Another example the startup gave was how a pharma company using its platform could search for doctors who specialize in a certain area, but who have also written papers on the subject or have an understanding of drug development.

Image Credits: EthosImage Credits:Ethos

Today, Ethos announced a $22.75 million Series A round led by a16z with participation from General Catalyst, XTX Markets, Evantic Capital, and Common Magic.

a16z’s Anish Acharya thinks that legacy platforms like LinkedIn and GLG only show shallow signals with job titles. He believes that Ethos captures different sub-specializations through its voice interview process with curated questions.

“I think voice is the original form of human communication. Most people, you know, most people don’t know how to write their story down in a very succinct, compelling, and accurate way. Voice is a big unlock for Ethos,” Acharaya told TechCrunch over a call.

How Ethos is scaling its network

Ethos was founded by James Lo and Daniel Mankowitz in 2024. Lo previously worked at McKinsey and later at Softbank, where he worked on the transformation of companies like WeWork and Arm. Mankowitz worked as an AI researcher at DeepMind, where he worked on YouTube’s video compression algorithm, Gemini, and the AlphaDev sorting algorithm.

James Lo and Daniel Mankowitz Image Credits: Ethos AI by ivanweissImage Credits:James_L 0333 ©ivan weiss

Both founders arrived at tackling the problems of building an expert network from different angles. Lo always wanted to work on providing the right economic and employment opportunities to people. Mankowitz thought that the economy is a knowledge graph of people, companies, and products, and using the right algorithms, you can match these entities with each other.

“Traditional expert platforms almost purely focus on a mixture of job titles and job descriptions. What we observe is that most clients and most employers are not looking for a job title company. They’re looking for a specific skill and a specific capability.
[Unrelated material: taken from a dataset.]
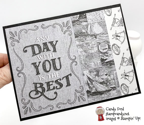 No, that isn’t a mistake. This is a card made with a card from the Come Sail Away Memories & More Card Pack. The M&M card packs make it super quick and easy to make a card – just adhere it onto the front of a card base and you’re done! This card also has a couple pieces of Come Sail Away Designer Series Paper.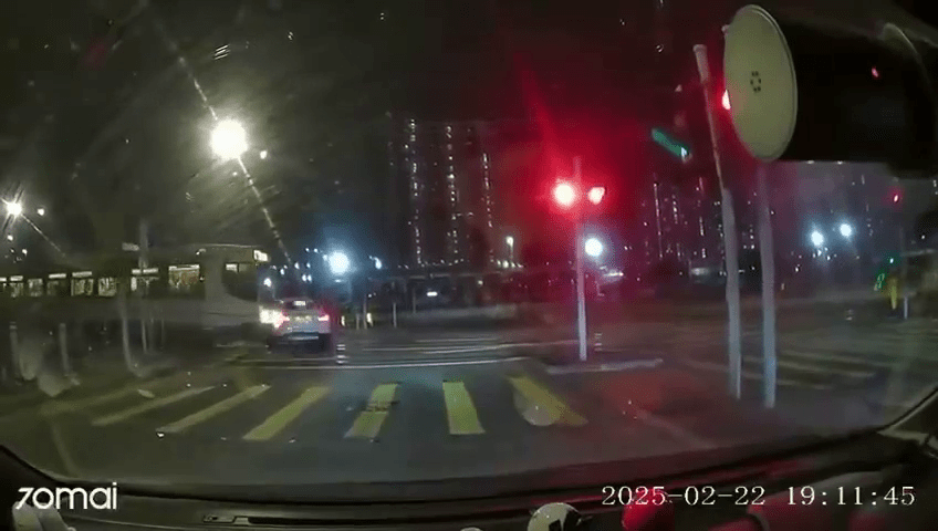 Dashcam footage shows the driver waiting at the intersection of Hoi Wong Road and Hoi Wing Road, but it suddenly ran the red light, ignoring honks from another vehicle and the approaching light rail train.

We also observed that, over time, looking for a skill and capability is going to gradually merge between the human economy and the agent economy,” Lo said.

Beyond the data provided by experts, Ethos also looks at other public sources like blogs and academic papers, along with social links to match companies with the right people.

The company also conducts interviews through its own platform using voice agents and extracts insights. Startups like Listen Labs and Outset already provide a way for companies to use conversational AI for interviews, offering some competition on this front. But Ethos thinks that its network of experts is better suited for certain clients than its competitors.

Ethos doesn’t name its client base, but said that top hedge funds, private equity firms, leading foundational AI labs, and enterprise consulting were already using its product. It’s taking 30% or more as a per-project fee from businesses, depending on the nature of the project. The company noted that it’s on track for “an eight-figure annualized revenue” but didn’t provide specific numbers.

Image Credits: EthosImage Credits:Ethos

It also didn’t say how many experts are on the platform, but said that roughly 35,000 people are joining each week. (Ethos sends invites to people whom they think can benefit from it.)

One challenge for the startup is growing an expert user base that’s relevant to its clients. The company said that AI labs’ spending money to map human talent has been helping its cause.

“Our perspective here is the AI labs have — are pointing a giant capital gun at every economically valuable occupation in the world. They’re trying to map out every profession. And so that’s an amazing tailwind for us,” Lo said.

He noted that these labs are building professional services in areas of law, health, finance, and management, so they would want all kinds of experts in these networks to build out their models and get feedback about their products and strategy.

The company has eight people on its team now, and its goal is to keep the team compact while scaling up.